Review of The Diving Bell and the Butterfly Film



By Rizal Saryad


The Diving Bell and the Butterfly is a French language film produced by Pathé and France 3 Cinéma in association with Banque Populaire Images 7 and the American Kennedy/Marshall Company, and in participation with Canal+ and Ciné Cinémas. This film was released on March 23, 2007 in France and November 30, 2007 in United States directed by Julian Schnabel who had won the award for best director at the 2007 Cannes Film Festival, a Golden Globe, as well as BAFTA, a César Award, two nominations for the Golden Lion and an Academy Award nomination. The cast were Mathieu Amalric (Jean-Dominique Bauby), Emmanuelle Seigner (Céline Desmoulins), Anne Consigny (Claude Mendibil), Marie-Josée Croze (Henriette Durand), Olatz López Garmendia (Marie Lopez), Patrick Chesnais (Dr. Lepage), Max von Sydow (Mr. Bauby Sr.), Isaach De Bankolé (Laurent), Marina Hands (Joséphine), Niels Arestrup (Roussin), and Emma de Caunes (Empress Eugénie).
Plot Summary
            The film begins as Bauby wakes from his three-week coma in a hospital in Berck-sur-Mer, France. After an initial rather over-optimistic analysis from one doctor, a neurologist explains that he has locked-in syndrome, an extremely rare condition in which the patient is almost completely physically paralyzed, but remains mentally normal. At first, the viewer primarily hears Bauby's "thoughts" (he thinks he is speaking but no one hears him), which are inaccessible to the other characters (who are seen through his one functioning eye).
A speech therapist and physical therapist try to help Bauby become as functional as possible. Bauby cannot speak, but he develops a system of communication with his speech and language therapist by blinking his left eye as she reads a list of letters to laboriously spell out his messages, letter by letter.
Gradually, the film's restricted point of view broadens out, and the viewer begins to see Bauby from 'outside', in addition to experiencing incidents from his past, including a visit to Lourdes. He also fantasizes, imagining beaches, mountains, the Empress Eugénie and an erotic feast with one of his transcriptionists. It is revealed that Bauby had been editor of the popular French fashion magazine Elle, and that he had a deal to write a book (which was originally going to be based on "The Count of Monte Cristo" but from a female perspective). He decides that he will still write a book, using his slow and exhausting communication technique. A woman from a publishing house with which Bauby had the original book contract is brought in to take dictation.
The new book explains what it is like to now be him, trapped in his body, which he sees as being within an old-fashioned deep-sea diving suit with a brass helmet, which is called a scaphandre in French, as in the original title.

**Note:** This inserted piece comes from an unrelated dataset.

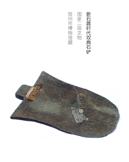 新石器时代双肩石铲,采集于八步区信都镇石福遗址,为国家二级文物,现珍藏于贺州市博物馆。

Others around see his spirit, still alive, as a "Butterfly".
The story of Bauby's writing is juxtaposed with his recollections and regrets until his stroke. We see the mother of his three children (whom he never married), his children, his mistress, his friends, and his father. He encounters people from his past whose lives bear similarities to his own "entrapment": a friend who was kidnapped in Beirut and held in solitary confinement for four years, and his own 92-year-old father, who is confined to his own apartment, because he is too frail to descend four flights of stairs.
Bauby eventually completes his memoir and hears the critics' responses. He dies of pneumonia ten days after its publication. The closing credits are accentuated by reversed shootings of breaking glacier ice, accompanied by the Joe Strummer & the Mescaleros song Ramshackle Day Parade.
Analysis
This film took everyone into a serious situation. From the beginning of the film, the audiences were shown by the character Bauby who woke from his three-week coma. Yet somehow, there is a positive thing that must be appreciated from the film. It shows the audiences about how important is healthy life. For example the “stroke” of Bauby is very serious and of course he would be suffered for long time. In addition, such situation ussually forces someone to have inspiration in order to keep alive. Here is the life force at its most insistent, lashing out against fate with stubborn resolve. Besides, when a person is in a serious critical condition, the price for healing and the hospital would be more expensive than the price of prevention. Thus, your health is very important.
Furthermore, this film cannot be separated from the negative thing. Based on the point of view of the audiences, this film is not appropriate for children in several scenes though overall is very good to tell us implicitly to keep health early. The imagination of Bauby Sometimes to have  a sex will impact the children in a bad behaviour. Thus, the guidance of parents or adults is necessary in this case. 
Celine, the mother of his children and his former partner (played by Emmanuelle Seigner), remains loyal to him and even helps him communicate with another woman who also is a former lover (the male libido is indomitable). And all of the other women around him, including his nurse, his assistant and a fantasy lover, are loving and patient and assure him that he is in some way the same vital man, filled with eagerness, lust and brilliance.
            I really recommend you to watch this movie. It  taught us about loyalty, cared to each other and tried to tell us to keep our health. It was extremely amazing film. From five stars i’ll give this movie three stars.